© Carole Bethuel / Arte ( De gauche à droite et de haut en bas : Reda Kateb, Clémence Poésy, Pio Marmaï, Mélanie Thierry, Frédéric Pierrot, Carole Bouquet, Céleste Brunnquell)
Adaptée de la série israëlienne BeTipul créée par Hagai Levi, Nir Bergman et Ori Sivan en 2005, et après seize versions dans différents pays du monde, Arte présente sa nouvelle série En Thérapie co-produite et initiée par Les Films du poisson. Un plongeon profond dans les méandres des cerveaux de six patients et les paradoxes d’un pays paralysé par les attentats du 13 novembre 2015. 35 épisodes orchestrés par le duo Éric Toledano et Olivier Nakache accompagné d’une belle équipe.
Les larmes d’une femme. Un cabinet de psychanalyse. « Je ne pense pas que je vais pouvoir m’allonger aujourd’hui. » confie-t-elle entre deux sanglots à son analyste. Ce lundi 16 novembre 2015, dans le 11ème arrondissement de la capitale française – à quelques mètres de la place de la République – , trois jours après les attentats meurtriers du Bataclan et la paralysie de toute la France en état de choc, il faut retourner travailler.
À 9h, Philippe Dayan (Frédéric Pierrot) reçoit cette première patiente de la semaine, Ariane (Mélanie Thierry), en thérapie depuis un an. Chirurgienne, la jeune femme a passé la nuit du 13 novembre à soigner les blessés à l’Hôpital Saint-Antoine, confrontée à l’horreur des conséquences de ces actes barbares et à la mort. Elle finit par avouer à Dayan qu’elle est amoureuse de lui.

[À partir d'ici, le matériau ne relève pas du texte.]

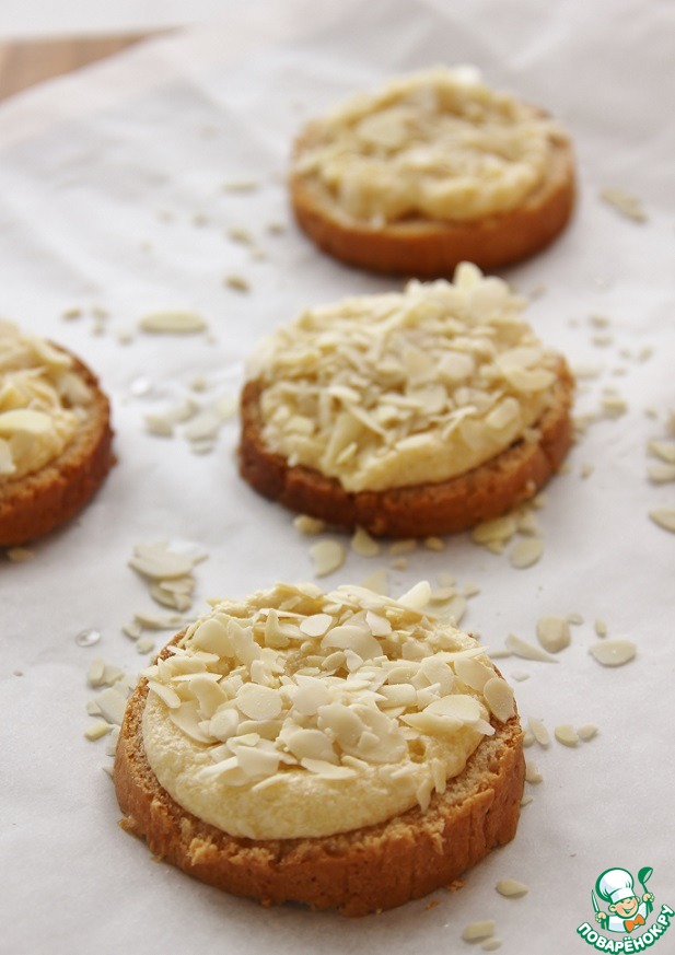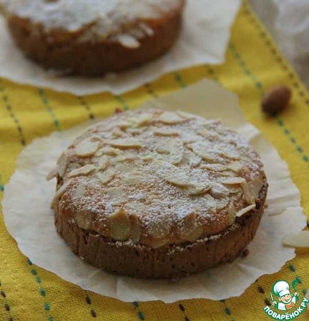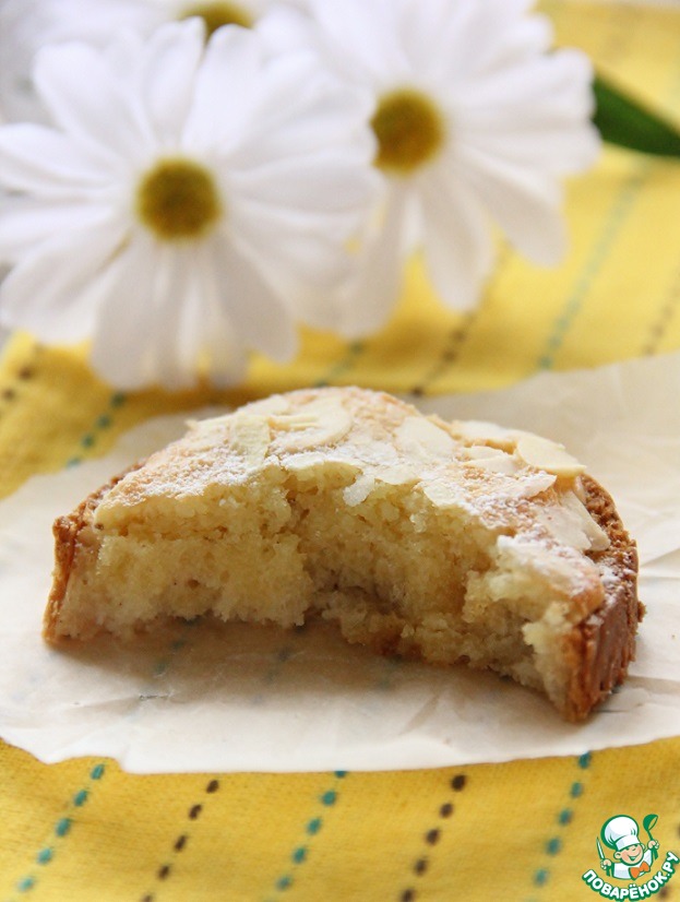 Посыпать миндальными лепестками. И запечь, в предварительно разогретой до 180 гр. духовке, в течении 15 мин. Возможно вам понадобиться меньше времени, надо чтобы просто зарумянилось.

Le lendemain, à 10h, un nouveau patient pénètre dans le cabinet, Adel (Reda Kateb). Policier à la BRI, il faisait partie de ceux qui sont intervenus dans le Bataclan et est sujet à de nombreuses angoisses depuis l’attentat. Celles-ci l’empêchent d’effectuer son métier avec son sang-froid habituel. Il a besoin de s’exprimer mais oppose une résistance à la pratique de Philippe Dayan.

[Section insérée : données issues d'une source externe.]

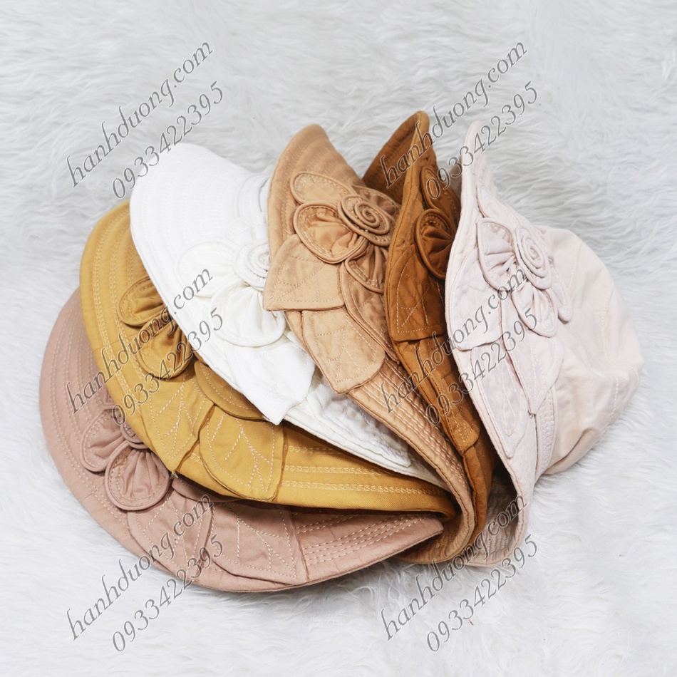 Mũ bo vành rộng 7cm nón tai bèo vành rộng gắn hoa và lá, vải cotton cao cấp của AT phù hợp cho nữ

Mercredi 18 novembre, Camille (Céleste Brunnquell), 16 ans, fait irruption dans le cabinet pour demander une expertise psychologique réclamée par son assurance à la suite d’un accident de vélo. Réticente à la discussion, elle exige que le psychanalyste lui signe son papier, preuve de son bien-être mental au moment des faits.

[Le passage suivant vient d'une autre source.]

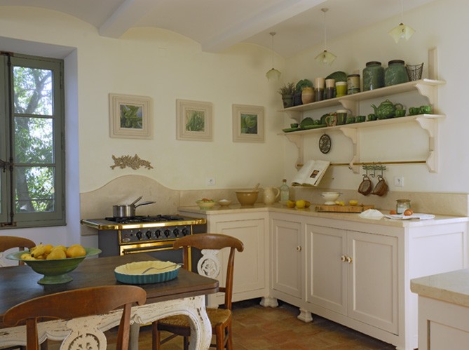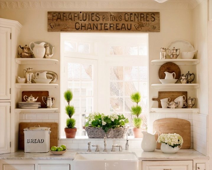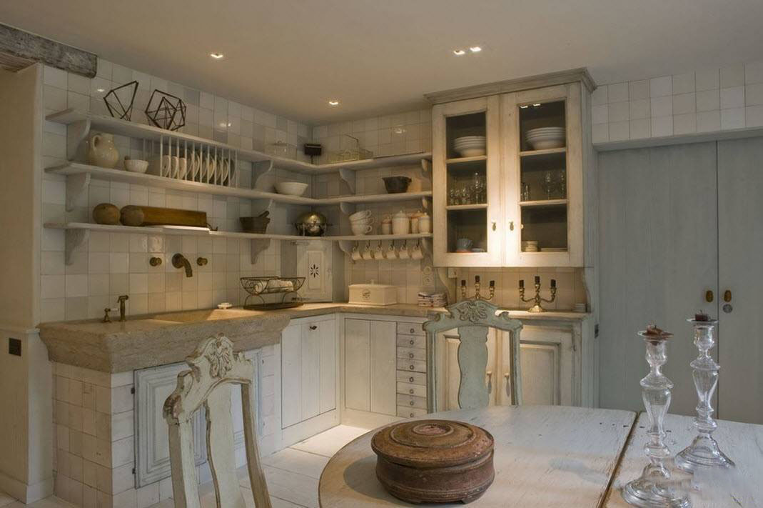 Aujourd'hui, les cuisines de style provençal sont très populaires dans de nombreux pays. Pour compléter cet intérieur, on utilise le plus souvent des étagères stylées en bois naturel.Le plus souvent, le matériau utilisé pour créer les étagères est vieilli artificiellement. En ce qui concerne les couleurs, dans le style provençal, les plus appropriées seront des étagères soignées en bois clair de couleurs beige, grise et même blanche.

En fin d’après-midi, le jour suivant, Philippe Dayan reçoit un couple en crise alors qu’il ne pratique pas habituellement cette thérapie. Damien (Pio Marmaï) et Léonora (Clémence Poésy) vivent ensemble depuis dix ans et sont déjà parents d’un petit garçon. Or, Léonora est de nouveau enceinte et le couple n’est pas en accord sur la décision à prendre. Ils espèrent que l’analyste décidera à leur place.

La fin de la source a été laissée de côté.